─── COLLECTED DATA ───

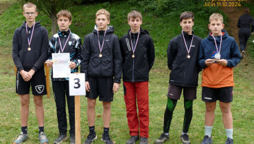Vítězstvím v okresním kole se naši starší žáci probojovali na krajské kolo této školní soutěže, které proběhlo za tradičního podzimního počasí v jičínském lesoparku Čeřovka. Nejlepší týmy z okresu zde změřily své běžecké terénní schopnosti ve všech kategoriích. Členitá a kluzká dvoukilometrová trať spravedlivě prověřila formu každého běžce. Naši borci nakonec dotáhli své snažení na „bednu“ a ubojovali třetí místo. Poděkování nejen za umístění, ale hlavně za ochotu reprezentovat školu tedy patří Ivanu Hornychovi, Zdendovi Klímovi, Williamu Křížovi, Vaškovi Troutnarovi, Marianu Hilscherovi a Honzovi Jirmanovi.
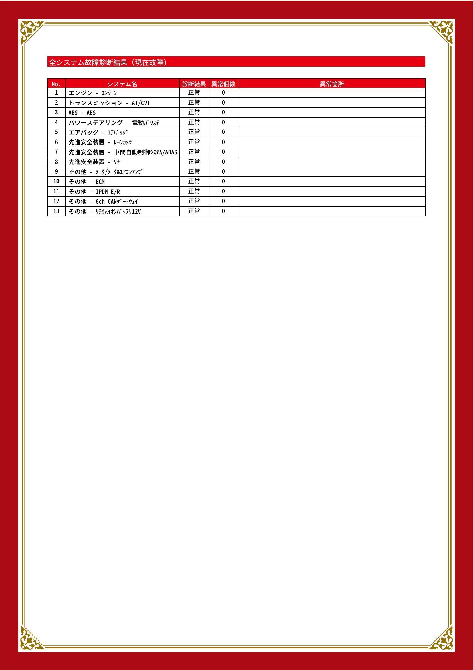 | 保証項目 | 3ヶ月・3000km以内ならエンジン、トランスミッション、ハイブリッド、ステアリング、ブレーキの各機構における主要項目を無償修理(または交換)いたします。 |
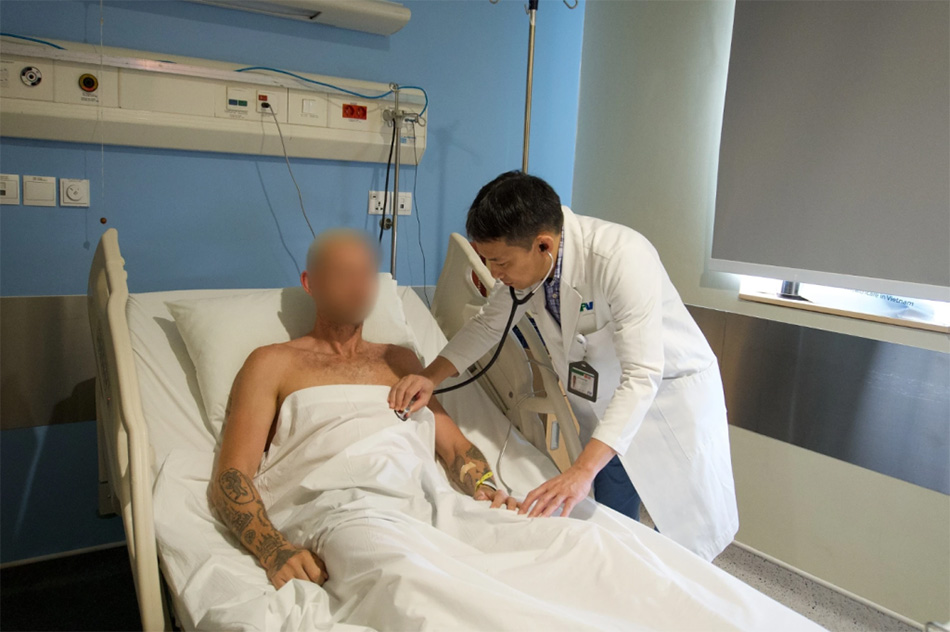 Ho Minh Tuan, MD, PhD, checks the patient’s health before discharge.

───

## WHAT YOU ARE ASKED TO DO
Each line of the data is to be duplicated exactly; pictures stay out of the copy.

## SOLUTION FOR THIS TASK
Vítězstvím v okresním kole se naši starší žáci probojovali na krajské kolo této školní soutěže, které proběhlo za tradičního podzimního počasí v jičínském lesoparku Čeřovka. Nejlepší týmy z okresu zde změřily své běžecké terénní schopnosti ve všech kategoriích. Členitá a kluzká dvoukilometrová trať spravedlivě prověřila formu každého běžce. Naši borci nakonec dotáhli své snažení na „bednu“ a ubojovali třetí místo. Poděkování nejen za umístění, ale hlavně za ochotu reprezentovat školu tedy patří Ivanu Hornychovi, Zdendovi Klímovi, Williamu Křížovi, Vaškovi Troutnarovi, Marianu Hilscherovi a Honzovi Jirmanovi.
 | 保証項目 | 3ヶ月・3000km以内ならエンジン、トランスミッション、ハイブリッド、ステアリング、ブレーキの各機構における主要項目を無償修理(または交換)いたします。 |
 Ho Minh Tuan, MD, PhD, checks the patient’s health before discharge.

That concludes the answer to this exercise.